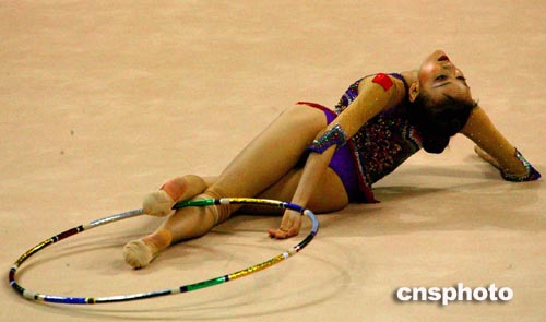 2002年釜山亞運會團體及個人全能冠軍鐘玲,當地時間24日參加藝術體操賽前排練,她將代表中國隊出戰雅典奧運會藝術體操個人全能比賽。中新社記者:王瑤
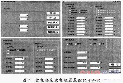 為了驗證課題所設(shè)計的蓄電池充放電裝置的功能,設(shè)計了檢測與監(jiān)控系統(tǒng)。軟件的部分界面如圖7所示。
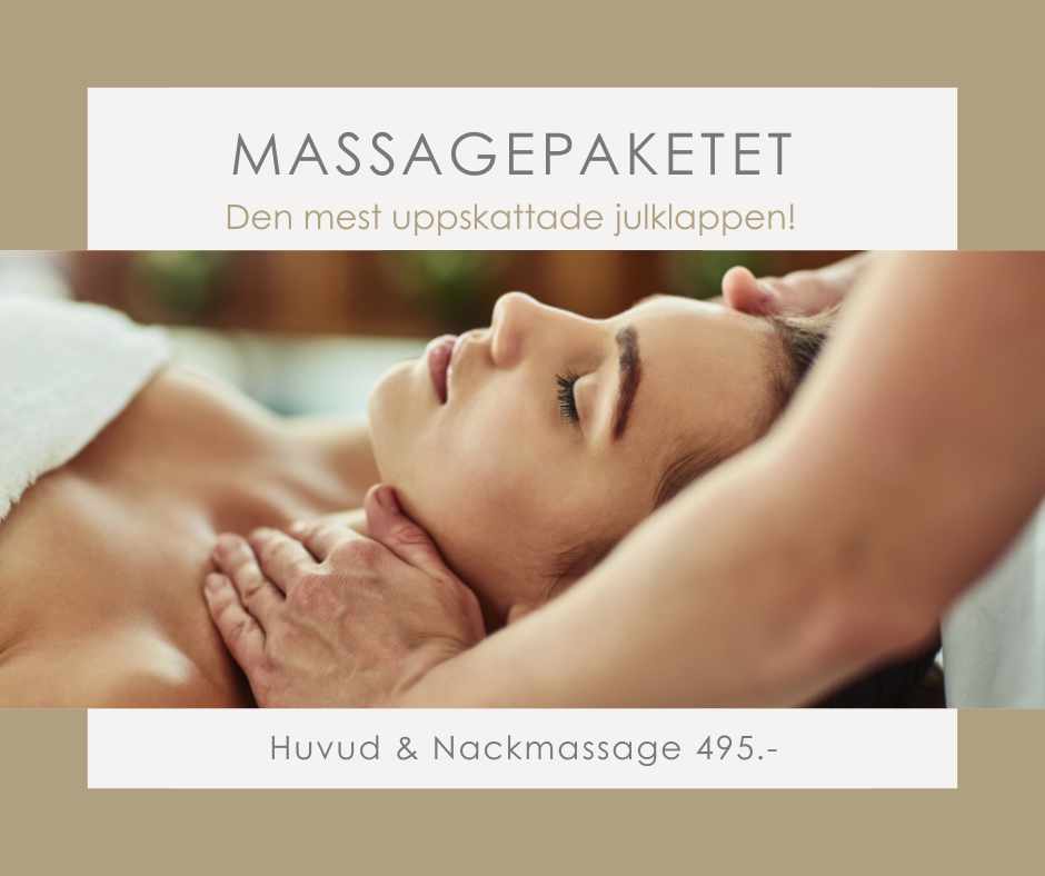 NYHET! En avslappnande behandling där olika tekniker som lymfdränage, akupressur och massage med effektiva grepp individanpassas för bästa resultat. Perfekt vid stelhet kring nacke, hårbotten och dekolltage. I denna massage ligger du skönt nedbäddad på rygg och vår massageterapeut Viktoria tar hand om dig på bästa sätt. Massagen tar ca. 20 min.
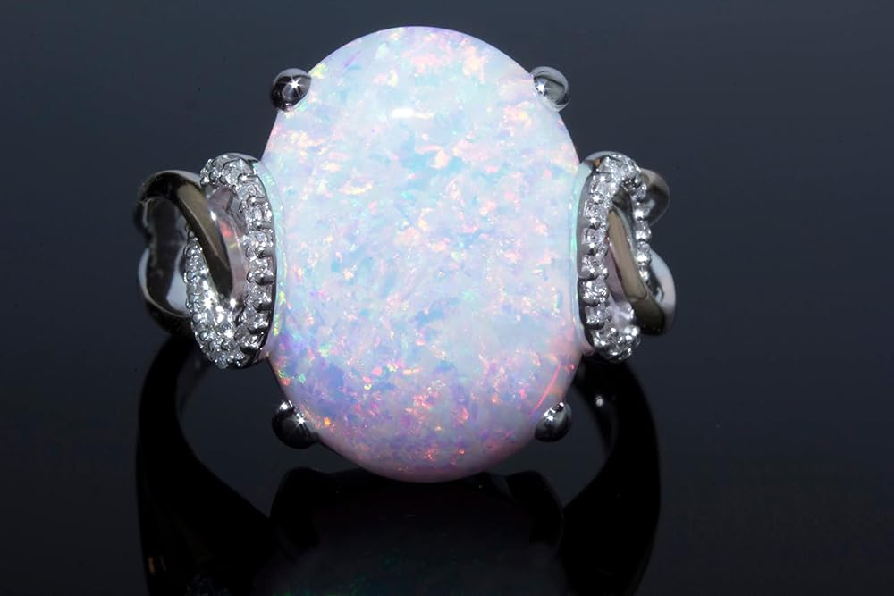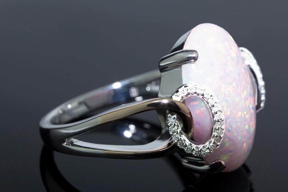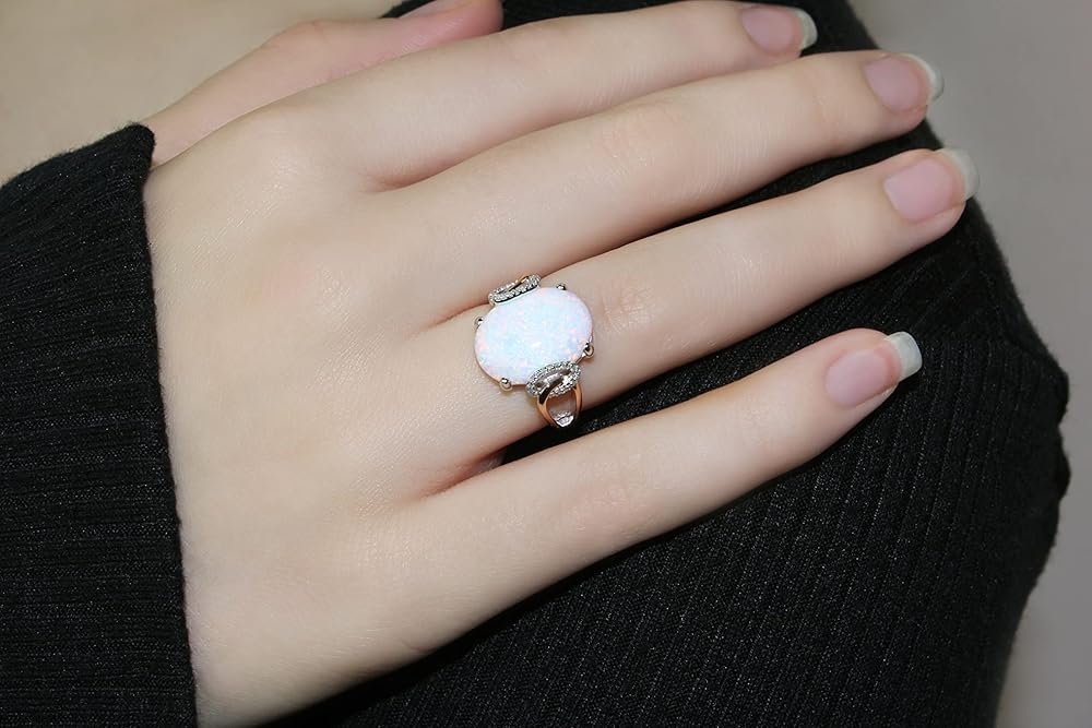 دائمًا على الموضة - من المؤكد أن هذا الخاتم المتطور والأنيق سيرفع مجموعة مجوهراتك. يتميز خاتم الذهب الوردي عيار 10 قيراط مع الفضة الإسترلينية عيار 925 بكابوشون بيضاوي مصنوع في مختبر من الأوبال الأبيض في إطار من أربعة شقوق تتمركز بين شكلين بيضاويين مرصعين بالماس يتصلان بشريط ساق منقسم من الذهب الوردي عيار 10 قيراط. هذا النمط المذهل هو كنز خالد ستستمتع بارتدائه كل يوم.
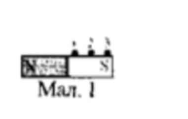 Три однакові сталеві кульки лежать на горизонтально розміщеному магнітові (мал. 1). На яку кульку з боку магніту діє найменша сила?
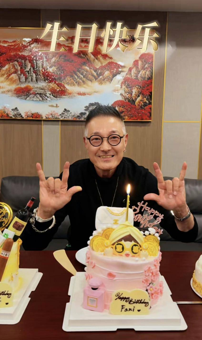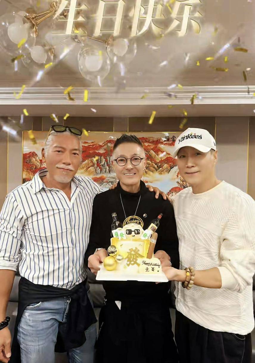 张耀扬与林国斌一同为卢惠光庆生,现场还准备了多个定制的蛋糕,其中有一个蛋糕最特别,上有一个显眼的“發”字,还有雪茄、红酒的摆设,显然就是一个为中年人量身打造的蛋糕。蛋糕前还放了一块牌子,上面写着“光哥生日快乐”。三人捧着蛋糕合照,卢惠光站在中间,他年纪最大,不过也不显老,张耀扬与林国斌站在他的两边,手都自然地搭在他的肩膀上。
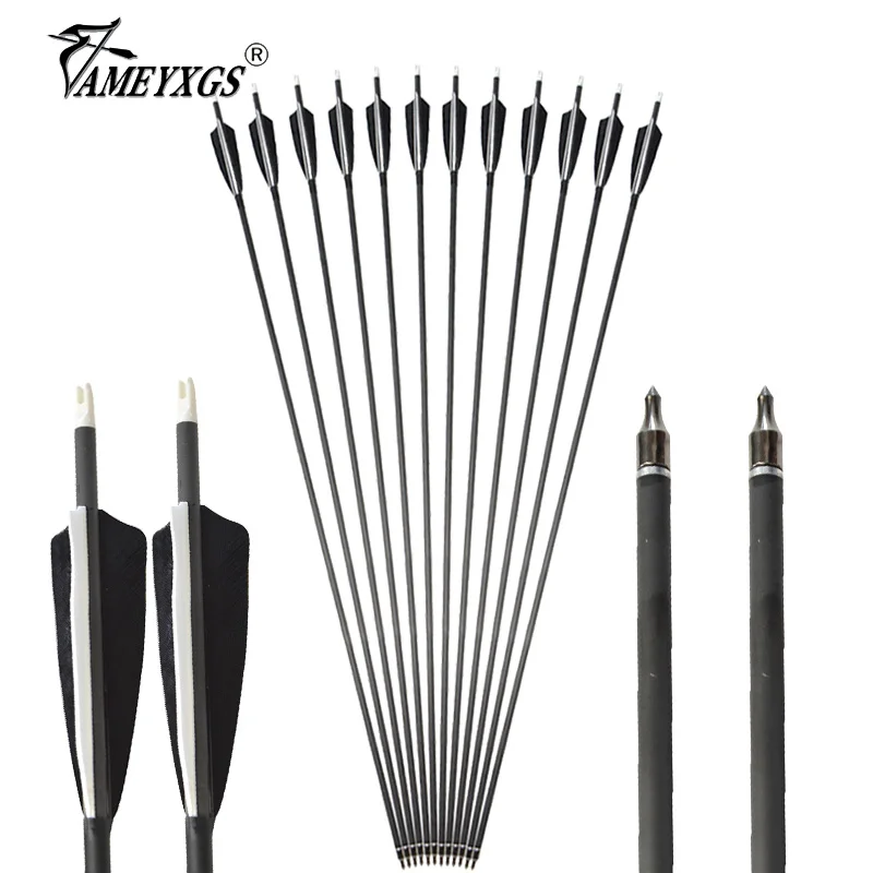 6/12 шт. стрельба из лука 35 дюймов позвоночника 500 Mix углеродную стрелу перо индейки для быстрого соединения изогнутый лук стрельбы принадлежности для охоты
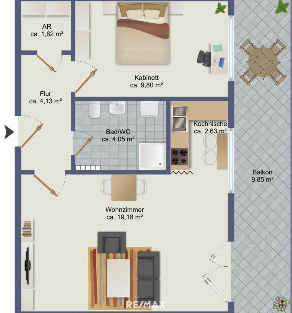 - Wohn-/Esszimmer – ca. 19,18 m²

# # # # #

▶ [Task goal] An exact copy of the material above is required, minus its images.

▶ [Task result]
 2002年釜山亞運會團體及個人全能冠軍鐘玲,當地時間24日參加藝術體操賽前排練,她將代表中國隊出戰雅典奧運會藝術體操個人全能比賽。中新社記者:王瑤
 為了驗證課題所設(shè)計的蓄電池充放電裝置的功能,設(shè)計了檢測與監(jiān)控系統(tǒng)。軟件的部分界面如圖7所示。
 NYHET! En avslappnande behandling där olika tekniker som lymfdränage, akupressur och massage med effektiva grepp individanpassas för bästa resultat. Perfekt vid stelhet kring nacke, hårbotten och dekolltage. I denna massage ligger du skönt nedbäddad på rygg och vår massageterapeut Viktoria tar hand om dig på bästa sätt. Massagen tar ca. 20 min.
 دائمًا على الموضة - من المؤكد أن هذا الخاتم المتطور والأنيق سيرفع مجموعة مجوهراتك. يتميز خاتم الذهب الوردي عيار 10 قيراط مع الفضة الإسترلينية عيار 925 بكابوشون بيضاوي مصنوع في مختبر من الأوبال الأبيض في إطار من أربعة شقوق تتمركز بين شكلين بيضاويين مرصعين بالماس يتصلان بشريط ساق منقسم من الذهب الوردي عيار 10 قيراط. هذا النمط المذهل هو كنز خالد ستستمتع بارتدائه كل يوم.
 Три однакові сталеві кульки лежать на горизонтально розміщеному магнітові (мал. 1). На яку кульку з боку магніту діє найменша сила?
 张耀扬与林国斌一同为卢惠光庆生,现场还准备了多个定制的蛋糕,其中有一个蛋糕最特别,上有一个显眼的“發”字,还有雪茄、红酒的摆设,显然就是一个为中年人量身打造的蛋糕。蛋糕前还放了一块牌子,上面写着“光哥生日快乐”。三人捧着蛋糕合照,卢惠光站在中间,他年纪最大,不过也不显老,张耀扬与林国斌站在他的两边,手都自然地搭在他的肩膀上。
 6/12 шт. стрельба из лука 35 дюймов позвоночника 500 Mix углеродную стрелу перо индейки для быстрого соединения изогнутый лук стрельбы принадлежности для охоты
 - Wohn-/Esszimmer – ca. 19,18 m²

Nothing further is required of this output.